ABOUT

Photo by Joshua Black Wilkins

Joseph Shipp was born in a darkroom somewhere in between Nashville and Memphis, along Hwy 100—just north of Grinder's Switch and east of Bucksnort. Shipp, the son of a second-generation photographer, is a Renaissance man of sorts, exploring an array of creative fields: a musician, of course; an award-winning graphic designer; an accidental archivist; and a photographer who grew up around his parents’ photography business.

Shipp’s musical influences were shaped early on by a heavy dose of Bob Dylan, Neil Young, and the a capella hymnals heard at the local Church of Christ. Like many young kids of his generation inspired by Kurt Cobain, he started learning guitar at age 12. And at 18, he began writing songs. While living in San Francisco, he and his wife, also a musician and designer, became immersed in Old Time and Bluegrass music endemic to where he grew up. Shipp picked up the fiddle and his wife the banjo and for a few years performed traditional folk music as the duo The Family Shipp. 

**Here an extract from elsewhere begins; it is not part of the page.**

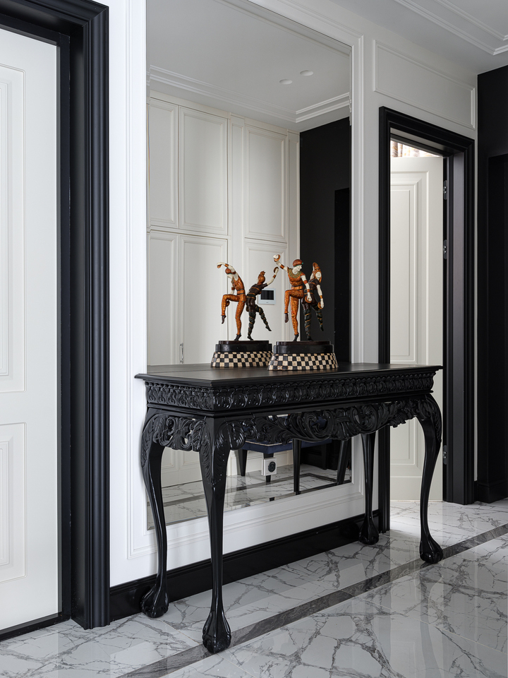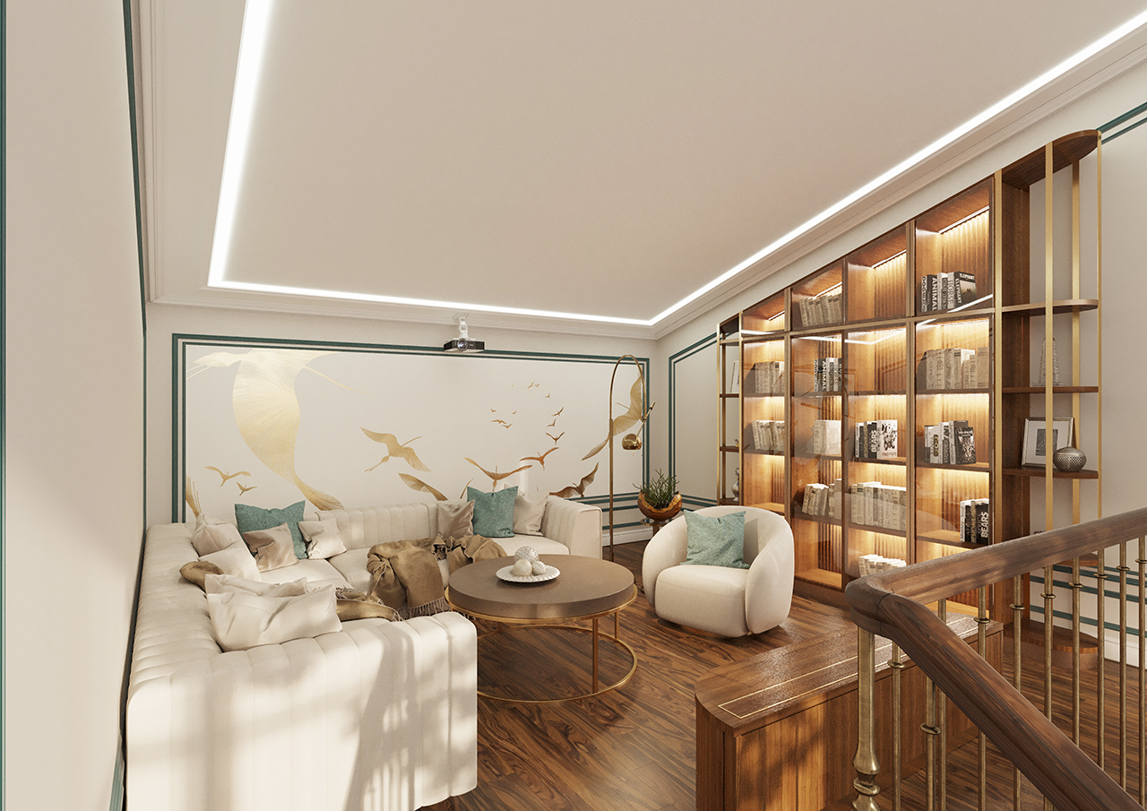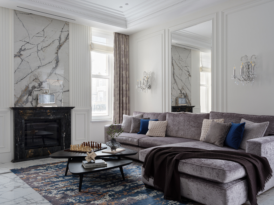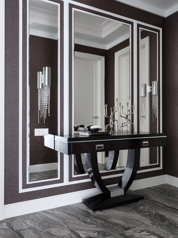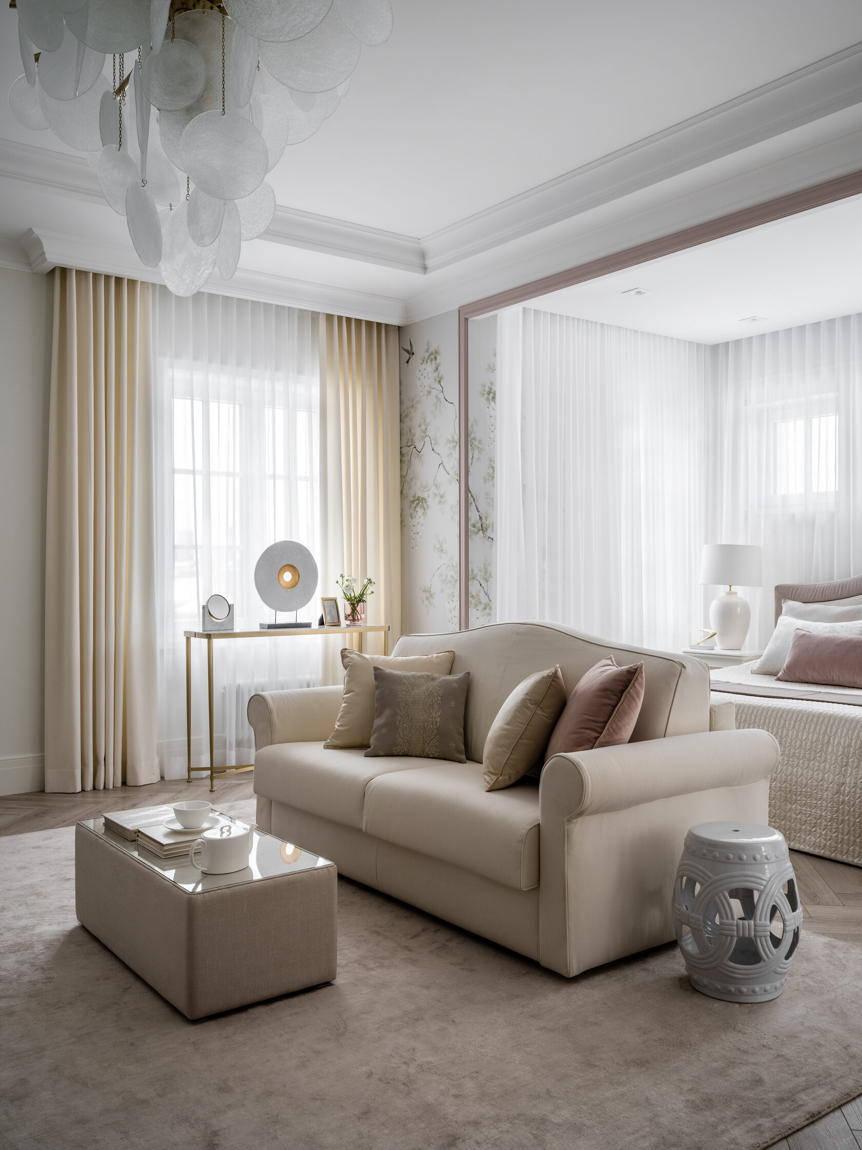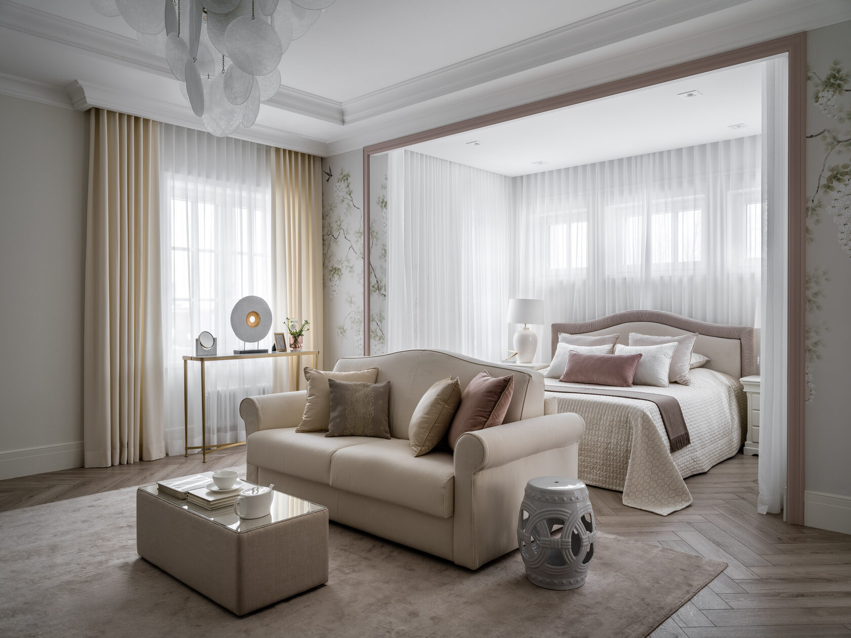 Концепция: Основная идея проекта заключалась в мастерском сочетании неоклассического стиля с элементами ар-деко для формирования гармоничного пространства, способного отразить предпочтения всех обитателей. Важнейшей задачей было создание интерьера, одновременно торжественного и уютного, максимально наполненного светом и объемом. Акцент сделан на изысканных деталях и благородных материалах, подчеркивающих статус и вкус владельцев, сохраняя при этом функциональность и комфорт.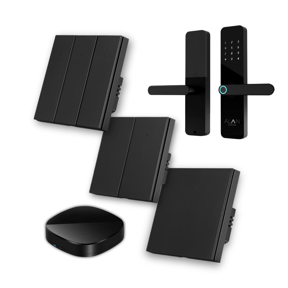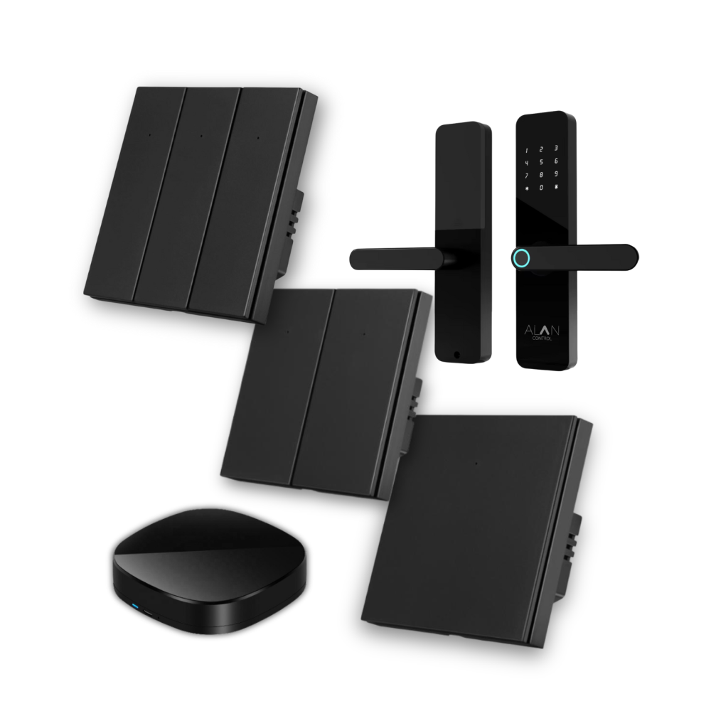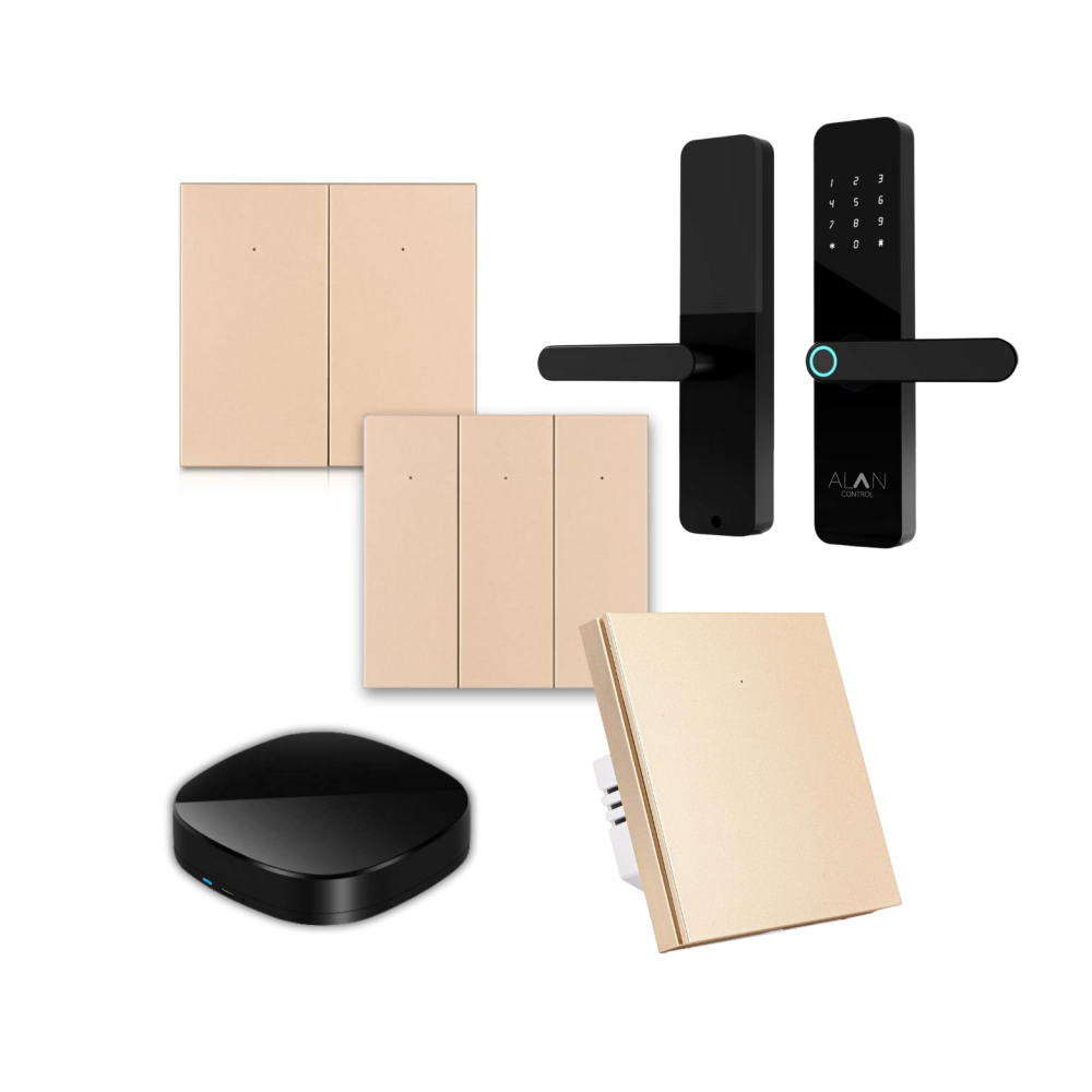 - مفاتيح إنارة ذكية (ألوان: أبيض، أسود، ذهبي) للتحكم بالإنارة من التطبيق أو الأوامر الصوتية

After spending six formative years in northern California working in brand design and design strategy, he and his wife—and their dog Sadie—decided to move back to Nashville, where he currently lives, to start a family. Six years later, they are now raising their two sons.

Music careers usually don’t begin at age 40, but that’s what Shipp is doing when his debut album, Free, for a While, comes out this fall. “As I think about the album, I can’t help but think about where I was when I wrote all those songs: Alone and scared in an unfamiliar old house—a stranger in a familiar land,” Joseph Shipp says of his new album.

The 11-song album, co-produced with Grammy-nominated Andrew Sovine, with Shipp’s own brand of Americana, is a catharsis that wrestles with his feelings of coming home and becoming a dad and the isolation and fear that followed.  

Reflecting on the release of his debut album, Shipp ponders: “I hope I can provide a voice that can potentially bridge the worlds between rural and urban, old and new. You can’t have one without the other, and each provides value. And sometimes, the way forward is through looking back.”